Riders4Helmets was founded following the accident Dressage Olympian Courtney King-Dye’s had a few years ago. King-Dye was not wearing a helmet, and the accident resulted in a brain injury, for which she is still undergoing rehabilitation. Riders4Helmets shared the following tips for Helmet Awareness Day this year:

  • If you have a hard impact blow while wearing your helmet, immediately replace it with a new helmet. There may be damage to the helmet that is not visible to the naked eye.
  • Helmet manufacturers generally recommend replacing your hat every 4-5 years.
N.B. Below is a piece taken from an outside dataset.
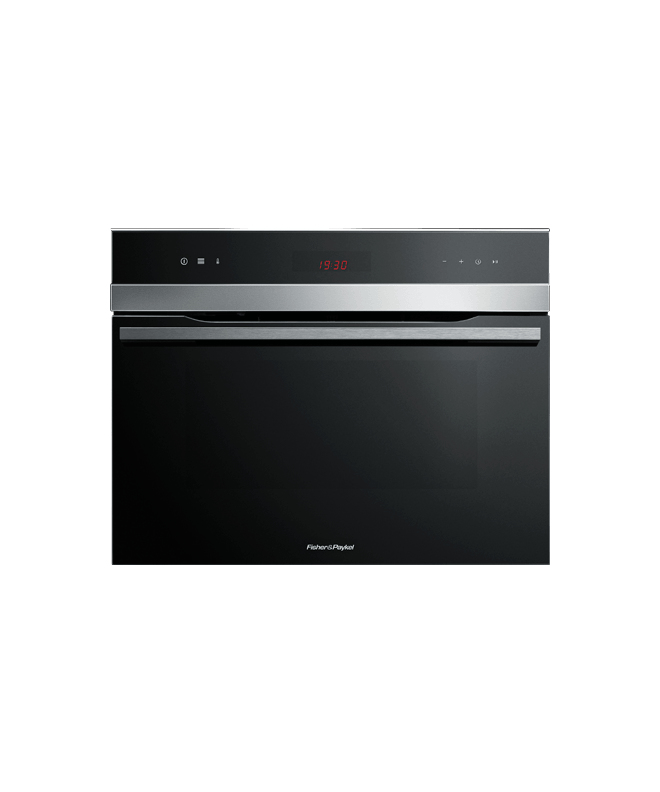 This built-in oven has 8 cooking functions and is finished in black reflective glass and stainless steel that blends elegant, minimalist aesthetic with design for durability, this oven matches the rest of Fisher & Paykel’s coordinated kitchen family.

Helmets take a beating over time from sweat, heat, dust and rain, and the styrofoam liner in the helmet, relinquishes its ability to protect the head over time. “Replacing your helmet sooner than 4 to 5 years may, in some circumstances, be necessary,” said White.
  • A ponytail or different hairstyle can affect the fit of your helmet. When you try on helmets prior to purchase, wear your hair in the style that you expect to wear it when riding.
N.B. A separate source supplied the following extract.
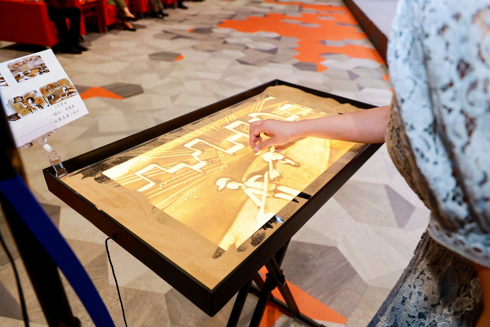“每一瓶饮水都传递关怀与问候,每一声问候都饱含浓浓的爱意……”活动现场,一幅幅展现户外劳动者辛勤劳动的沙画,一声声饱含深情的诵读,生动展示了工会组织“一瓶水·传递爱”的暖心画面。

  • Only purchase a helmet online if it is brand new and unused. Check the date of manufacture. Purchasing a used helmet can be very risky and is NOT recommended. The helmet may have sustained previous damage that you are not able to see.
  • Riding is considered more dangerous than downhill skiing and motorcycling.
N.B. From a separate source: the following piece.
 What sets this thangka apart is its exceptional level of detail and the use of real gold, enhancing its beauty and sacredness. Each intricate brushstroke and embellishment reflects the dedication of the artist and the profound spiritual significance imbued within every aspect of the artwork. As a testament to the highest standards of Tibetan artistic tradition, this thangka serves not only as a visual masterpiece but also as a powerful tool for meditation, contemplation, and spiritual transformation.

  • There is no statistical correlation between skill level and injury likelihood. Professional riders are just as “at risk” to sustain injury due to a fall as amateur riders.
  • Approximately 20% of all accidents which result in head injuries happen while the person is on the ground
  • Head injuries are cumulative. An original head injury can be made much worse by ­additional concussions.
  • Even a fall from a standing horse can be catastrophic. Your injury risk depends on the height from which you fall, as well as the speed at which you are traveling.
  • It is best if you invest in your own helmet, regardless of whether or not you own a horse. “It is a personal safety product purchase. Your helmet is designed to fit your head,” reminds White, “as a poorly fitting helmet offers very little, to no protection.” In addition to wearing a properly fitted helmet, the harness must fit snugly, in order for the helmet not to rotate should you have a fall.

In recent years, the discussion of helmet or no helmet has moved to the forefront of many forums, magazines, and social media discussions. Most notably, many top level Dressage riders are giving up their traditional top hats and bowlers for helmets since rule changes no longer require traditional headgear. In fact, those same rule changes require helmets for riders under 18. Even Western Riders participating in Western Dressage classes at USDF-sanctioned shows are being required to wear helmets.
But the debate is far from over…
Most Western competitions still require a traditional headgear, meaning riders are not allowed to wear a helmet in the show ring. The American Stock Horse Association allows riders to wear helmets, but some argue that riders who wear helmets are penalized by more traditional judges. Most junior competitions allow riders to wear helmets, but many trainers insist on a cowboy hat rather than a helmet for their junior riders, insisting that it is “more professional”.
Personally, I grew up wearing a helmet and wear one every ride require my adult daughter to wear a helmet when riding my horses. Unless someone can give me a good reason NOT to wear a helmet I will wear a helmet whether riding English or Western. To me, a fashion statement simply isn’t a good enough reason. Since I have a vented helmet, the heat isn’t a good reason either. My horses are great horses, but you just never know. I’ve seen great “kid broke” horses buck like broncs when attacked by fire ants. I just can’t see any reason NOT to put safety first.
I would love to hear your thoughts on the subject!